• _Task prompt_
Copy the data that follows, character for character, minus the pictures.

• _Material provided_

+ + + + +

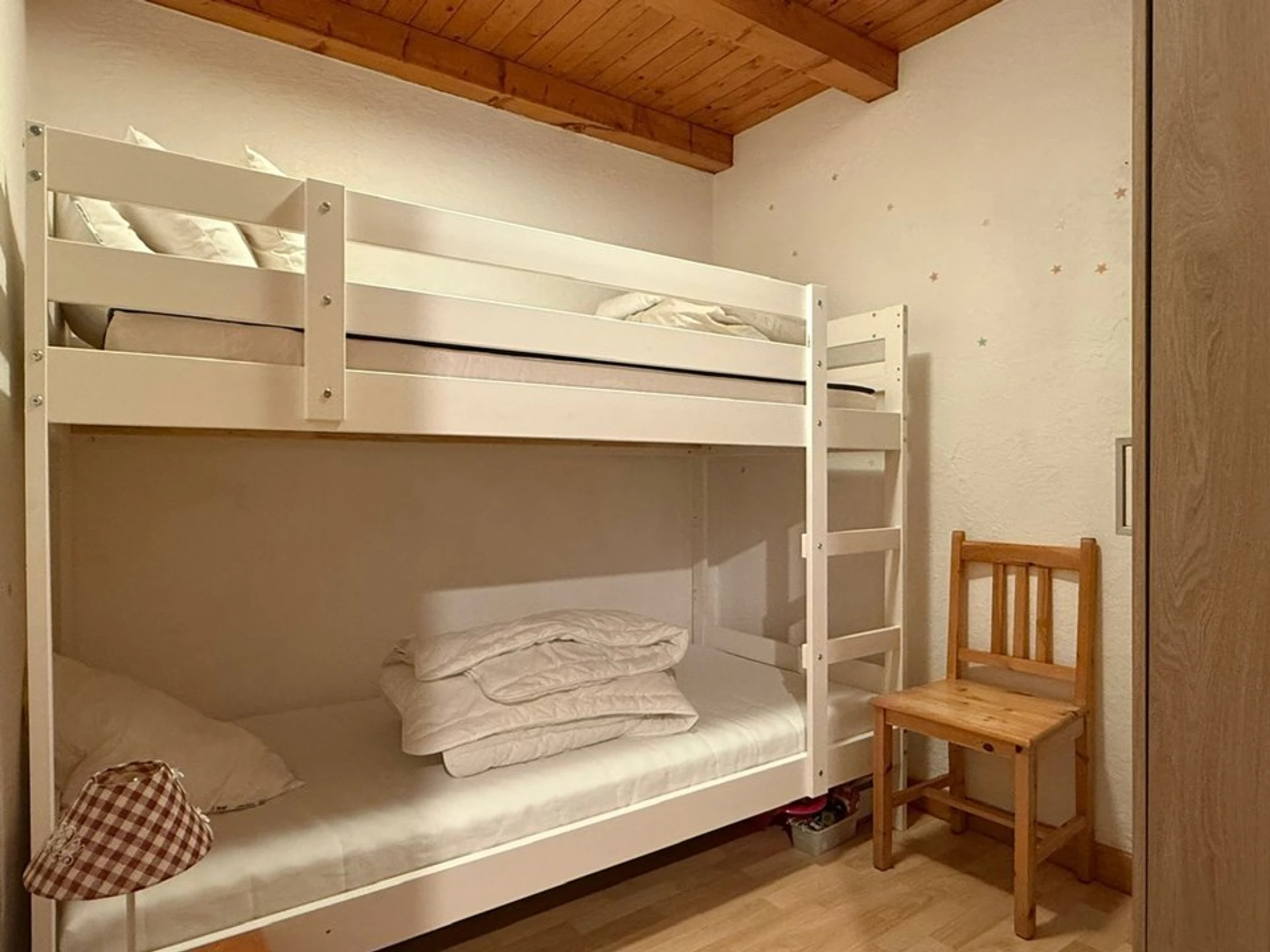 Sleeping alcove with bunk beds (2 single beds 90x190 cm) (2 pillows + duvet 140x200 cm)
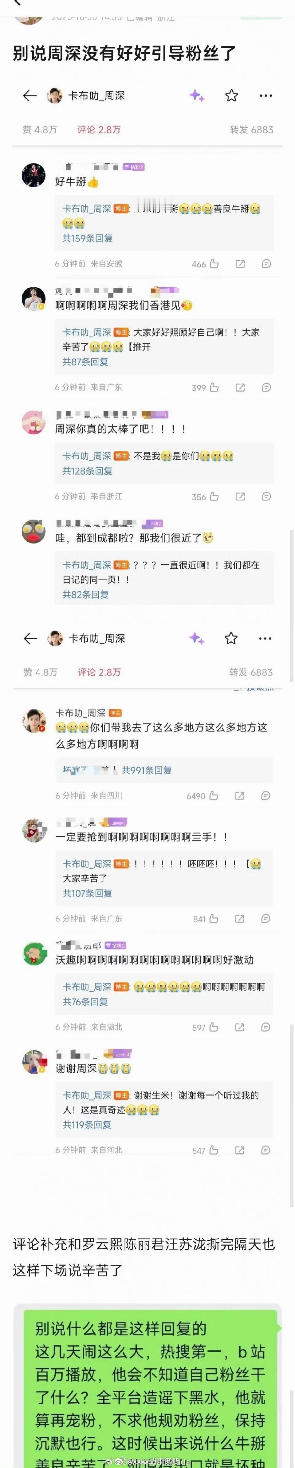 周深被说引导粉丝,这是正常的互动吧,而且他好像每条微博都回复粉丝评论粉丝[笑cr
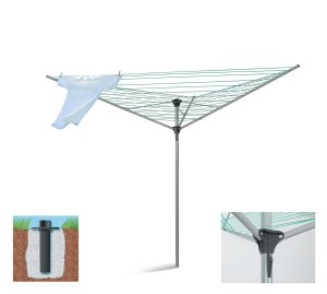 Vonkajší sušiak 40 m, 3 ramenný má veľmi pevnú oceľovú konštrukciu. Šnúra je v dvoch farebných prevedeniach - biela a šedá. Súčasťou výrobku je zemná objímka. Sušiak má kapacitu cca 3 práčok.

+ + + + +

• _Written answer_
 Sleeping alcove with bunk beds (2 single beds 90x190 cm) (2 pillows + duvet 140x200 cm)
 周深被说引导粉丝,这是正常的互动吧,而且他好像每条微博都回复粉丝评论粉丝[笑cr
 Vonkajší sušiak 40 m, 3 ramenný má veľmi pevnú oceľovú konštrukciu. Šnúra je v dvoch farebných prevedeniach - biela a šedá. Súčasťou výrobku je zemná objímka. Sušiak má kapacitu cca 3 práčok.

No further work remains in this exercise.